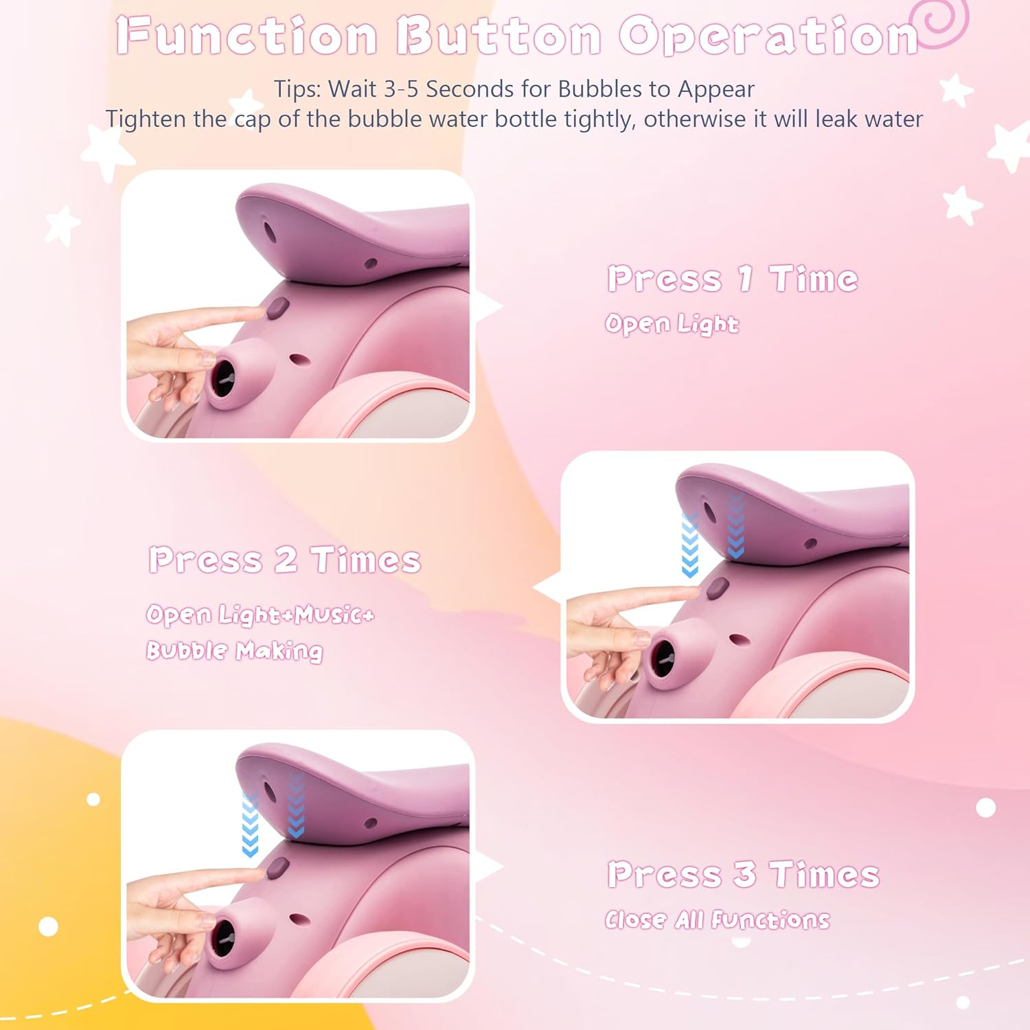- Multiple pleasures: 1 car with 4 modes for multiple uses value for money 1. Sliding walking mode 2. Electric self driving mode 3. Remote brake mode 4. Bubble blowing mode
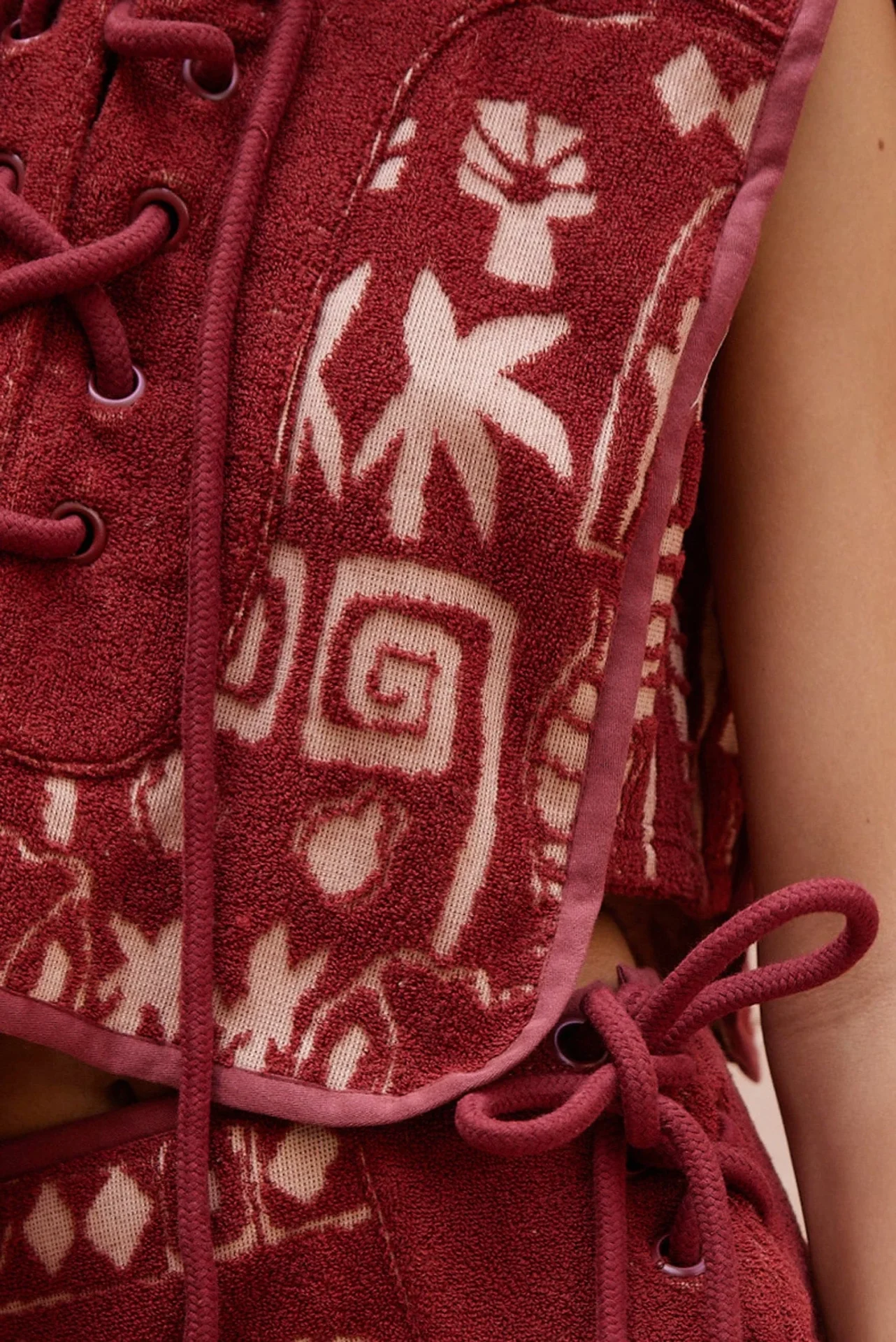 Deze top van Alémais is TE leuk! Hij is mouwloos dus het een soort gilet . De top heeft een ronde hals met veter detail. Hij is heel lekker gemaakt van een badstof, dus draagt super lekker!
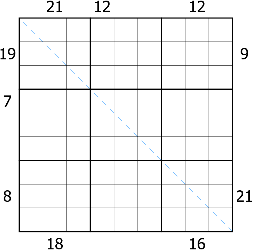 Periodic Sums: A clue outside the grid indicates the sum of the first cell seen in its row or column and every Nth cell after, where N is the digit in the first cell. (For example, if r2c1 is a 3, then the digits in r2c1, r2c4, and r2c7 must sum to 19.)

---

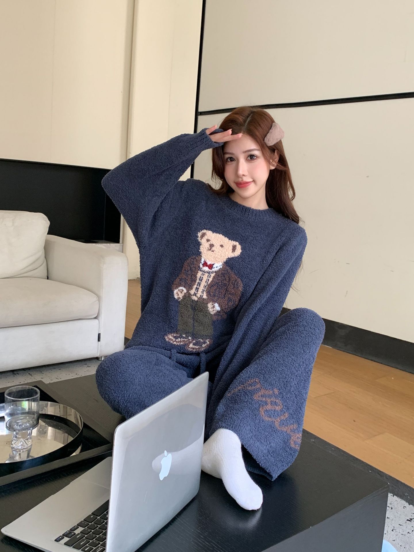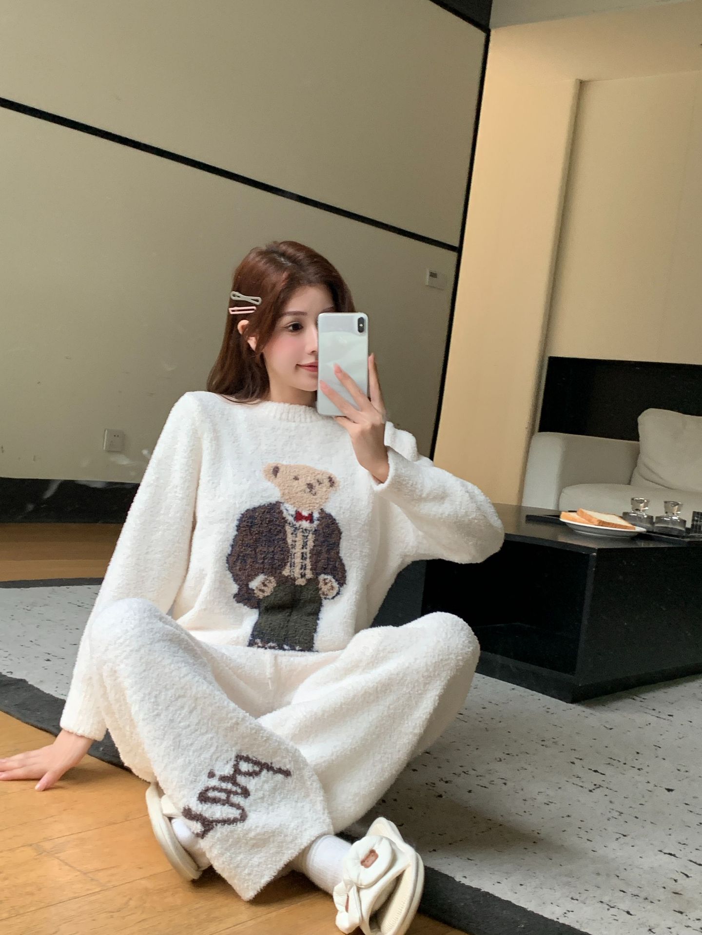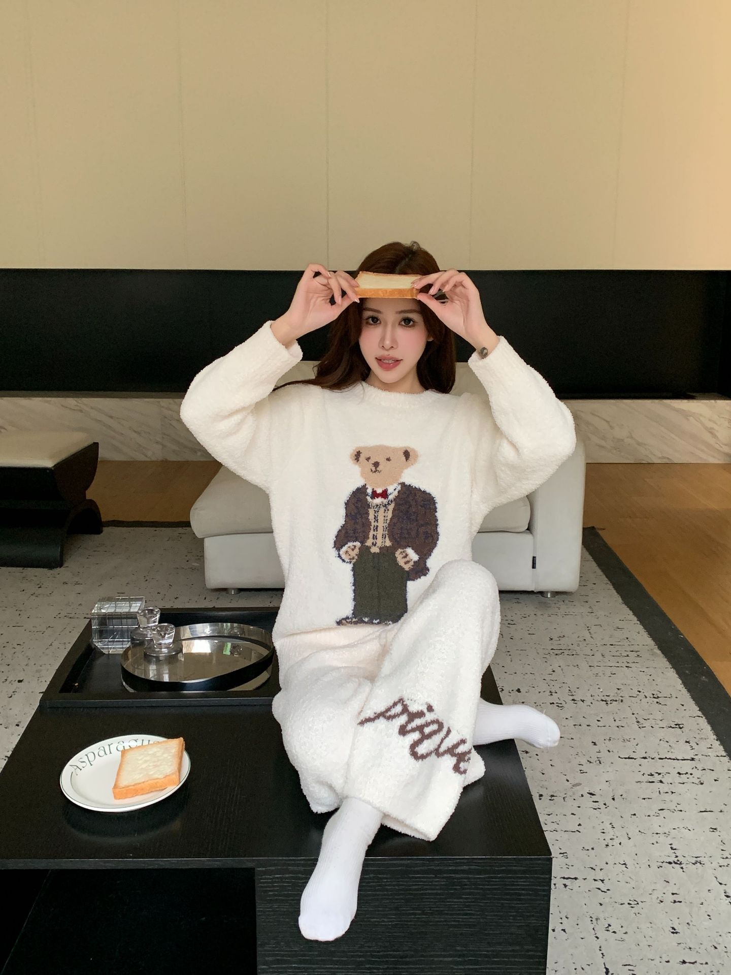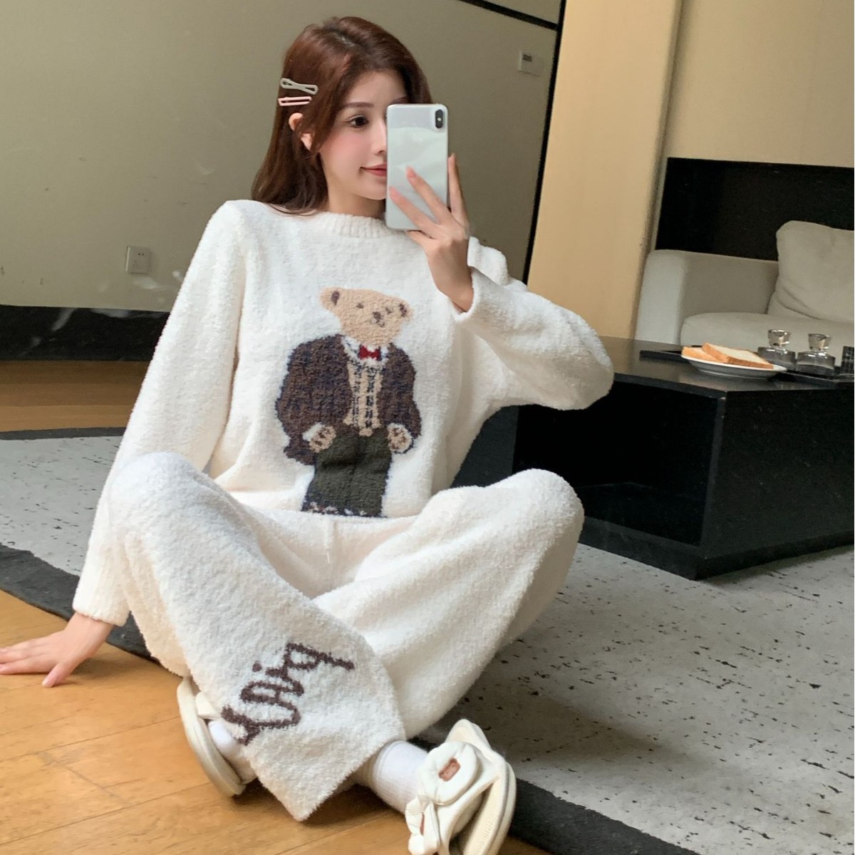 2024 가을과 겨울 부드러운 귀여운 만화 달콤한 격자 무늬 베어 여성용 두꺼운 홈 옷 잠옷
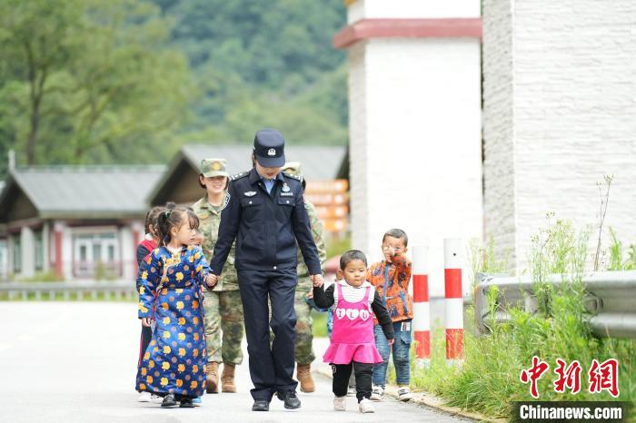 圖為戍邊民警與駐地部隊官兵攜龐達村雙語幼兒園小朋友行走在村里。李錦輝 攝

WORK TO BE COMPLETED | Within the entries above, give again exactly the lines starting at the one that contains "Deze top van" and ending at the one that contains "Periodic Sums: A", leaving out the pictures.

TASK RESULT |
 Deze top van Alémais is TE leuk! Hij is mouwloos dus het een soort gilet . De top heeft een ronde hals met veter detail. Hij is heel lekker gemaakt van een badstof, dus draagt super lekker!
 Periodic Sums: A clue outside the grid indicates the sum of the first cell seen in its row or column and every Nth cell after, where N is the digit in the first cell. (For example, if r2c1 is a 3, then the digits in r2c1, r2c4, and r2c7 must sum to 19.)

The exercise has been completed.